The unchangeable mind

Can’t I be upset about Cecil AND X, Y and/or Z?

bike laneI met this guy the other day, and he made me rethink my answer to Jaquandor regarding his recent Ask Roger Anything question about this: “In this age of increasing partisan division, I am finding it harder and harder to even empathize with the ‘other side'”.

There was this rally I attended a week ago about protected bike lanes and a road diet for Madison Avenue in Albany. Lots of people spoke, fortunately very briefly, as it was HOT. Afterward, this one guy apparently approached one of the speakers, expressing his objections.

As I’m riding off, this same guy says to me, “Let me ask you something.” Hey, I’m a librarian, people ask me things all the time. “I asked this other fellow ” well, something about how, if bikes were going 20 miles per hour, and cars were going 30 mph, the accidents would be worse than if bikes rode on the sidewalk and negotiated around pedestrians going 10 mph. Thus, he concluded, bicycles should ride on the sidewalk.

I told him I agreed with the other fellow he talked to. But, because he really wasn’t interested in a discussion, just agreement, I was unable to actually address the fallacies of his argument, 1) that pedestrians would be more vulnerable on the sidewalk, 2) that the bikes WOULDN’T be going 15-20 mph BECAUSE they would be avoiding pedestrians. Or, and I’ve seen this personally, some of the bikers going through pedestrian traffic, just ringing their bells or shouting for pedestrians to get out of their way, which, as a pedestrian, I hate.

One can make legitimate complaints about bike lanes, in terms of costs and priorities. “When I was a kid” is not one of those explanations that I find useful. I also couldn’t get in a mention that there are places within the city of Albany limits without sidewalks.

Then the guy said, “Don’t you people have anything better to do?” Unsurprisingly, this has NEVER a compelling talking point to me, ever, nor its variant, “you must have too much time on your hands.” Did the people who designed this Bach ball thing, or deconstruct dominoes to put on YouTube, or write a blog every day not have other, more noble pursuits to engage in?

This blog post, Outrage and The Theory of The Universal Double Standard, touches on this. Why are you more distressed about the killing of Cecil the lion than about X, or Y, or Z? Wait, can’t I be upset about Cecil AND X, Y and/or Z?

This guy at the rally continues, more animatedly, “What’s wrong with this country? They spend too much time on unimportant stuff, like that environmental crap” and a litany of other things. What? Dealing with the environment’s a waste of time? A statement just too broad to counter.

“Four Marines died the other day, and nobody’s talking about that…” Except for people all over the country, including more than a few who temporarily provided armed protection to military recruiting stations.

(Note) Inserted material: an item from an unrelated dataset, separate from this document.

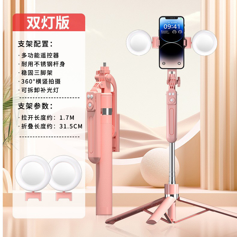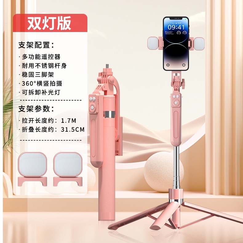 • 핑크 1.7m 손떨림 방지 셀카봉 충전 블루투스 리모컨 + 작은 사각형 조명 2개

The false narrative was jaw-dropping to me.

“Meanwhile, a black kid gets killed and everybody…” At this point I rode away, knowing full well that he believes he’s “won” the argument, whatever that means. And I don’t care.

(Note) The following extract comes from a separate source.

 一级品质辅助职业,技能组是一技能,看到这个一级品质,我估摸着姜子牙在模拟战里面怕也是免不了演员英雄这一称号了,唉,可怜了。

I got lectured on my Times Union blog about the Socratic method, which I’m not opposed to. But this conversation was not that.

Related: I continue to be fascinated by the means people use to gather news. Recently, someone on Facebook posted something about Sandra Bland, the Chicago-area woman who died in police custody, purportedly by suicide, after an unpleasant encounter with a police officer at a traffic stop. “Did anyone know about this?” Only for the last five days. “I didn’t read anything about it on the Internet.” This librarian doesn’t think “the Internet” is a source, only a conveyance. In any case, the story was on NBC, CBS, ABC, the New York Times, USA Today, etc., including on their online platforms. The story was by no means buried.

That’s not the first time I’ve seen that phenomenon, and it’s often couched in terms of the press “suppressing” the story. I’m perfectly aware of underreported stories, and one should kvetch about that fact when it’s actually true.